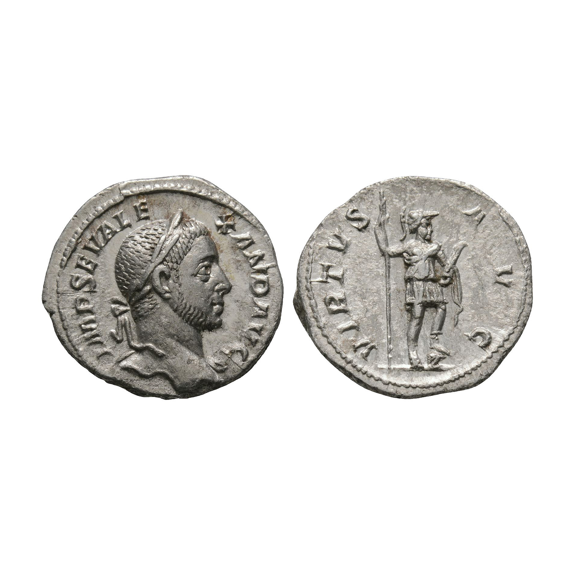 Ancient Roman Imperial Coins - Severus Alexander - Virtus AR Denarius 231-235 A.D.
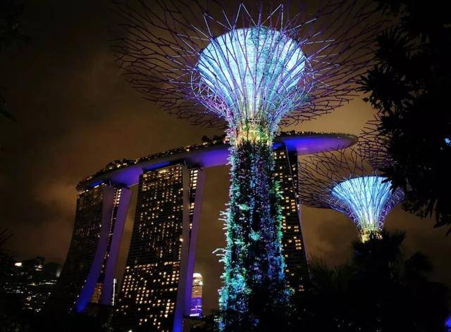 在晚间19:45与20:45,分别有两场超级树灯光音乐秀。在温润的夜晚,躺在地上,仰望超级树霓虹闪烁,旁边就是闪亮的地标建筑金沙酒店,超有意境。一场美轮美奂的灯光秀让人瞬间觉得值回了所有票价。不过如果不购票,也是可以散步滨海湾花园,观看灯光秀的。
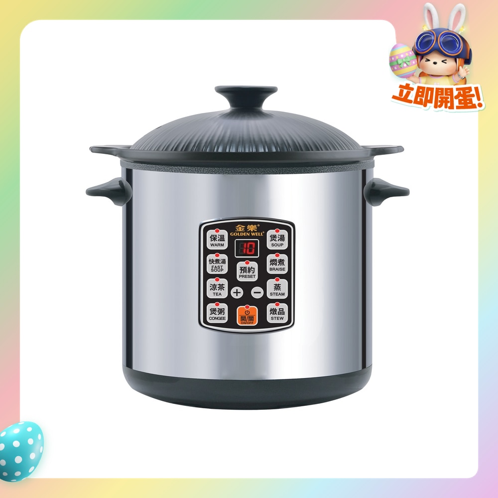 内锅采用天然陶瓷原料,经高温烧制而成,烹调食物更富健康美味。多种烹调功能,适用于老火汤、煲粥、焖煮、炖品、姜醋。预约时间功能,令烹调更省时便利。增设广东话语音提示。

----------

_INSTRUCTIONS FOR THE TASK_. Copy the data exactly. Any picture it contains is to be omitted.

_RESPONSE TO THE TASK_.
 Ancient Roman Imperial Coins - Severus Alexander - Virtus AR Denarius 231-235 A.D.
 在晚间19:45与20:45,分别有两场超级树灯光音乐秀。在温润的夜晚,躺在地上,仰望超级树霓虹闪烁,旁边就是闪亮的地标建筑金沙酒店,超有意境。一场美轮美奂的灯光秀让人瞬间觉得值回了所有票价。不过如果不购票,也是可以散步滨海湾花园,观看灯光秀的。
 内锅采用天然陶瓷原料,经高温烧制而成,烹调食物更富健康美味。多种烹调功能,适用于老火汤、煲粥、焖煮、炖品、姜醋。预约时间功能,令烹调更省时便利。增设广东话语音提示。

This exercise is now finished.